## DATA SECTION
####################
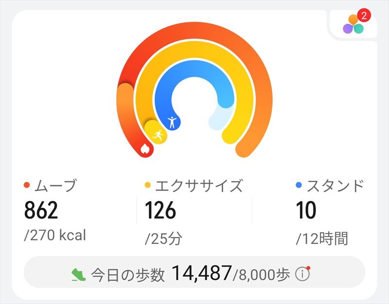 就寝前の一日の運動量ですが、運動消費カロリーが862kcalで、エクササイズ時間が126分(2時間6分)、歩数が14487歩でした。
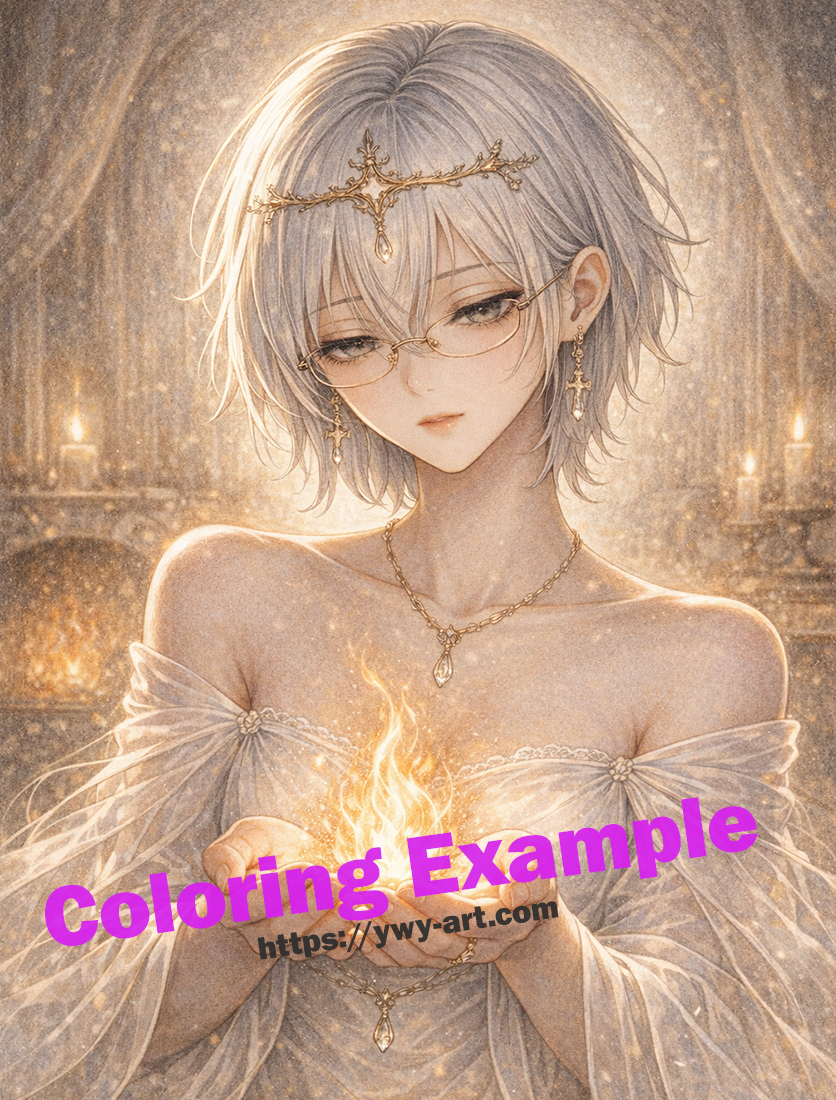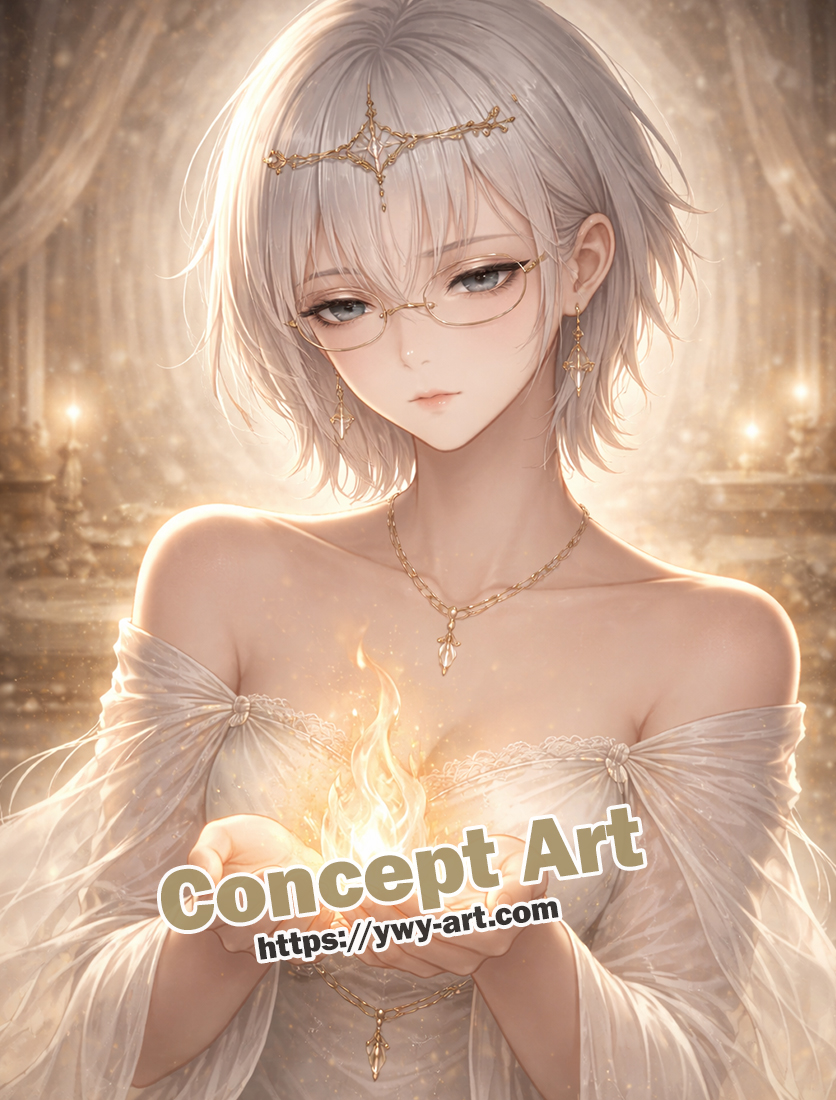 | Visual Keywords | Sacred flame, soft light, white attire, gentle glow, circular motifs |
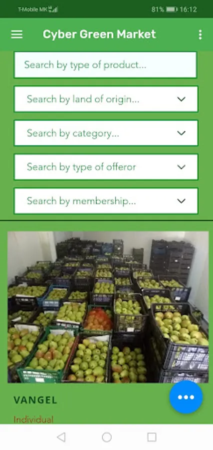 The Cyber Green Market, apart from being a web platform, aims, like any other realworld marketplaces, to provide conditions and bring together, in one place, not only the supply and demand of agricultural products from all over the world - which is the main business of any classical market, but to acquire and bring together all other entities that have at least the small interest in working with agricultural products, starting from the supply and demand of agricultural machinery, through packaging and transport services, ending with farm and crop insurances, private pensions for farmers, and local guide services and mediation.
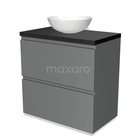 Badmöbel für Aufsatzwaschbecken 80cm Modulo Plato Mittelgrau 2 hohe Schubladen Grifflos Matt Schwarz Platte
####################
## TASK REQUIREMENTS
Give again, exactly, the lines from the start of the data through the one holding "circular motifs |"; omit the pictures.

## REPLY TO THE TASK
 就寝前の一日の運動量ですが、運動消費カロリーが862kcalで、エクササイズ時間が126分(2時間6分)、歩数が14487歩でした。
 | Visual Keywords | Sacred flame, soft light, white attire, gentle glow, circular motifs |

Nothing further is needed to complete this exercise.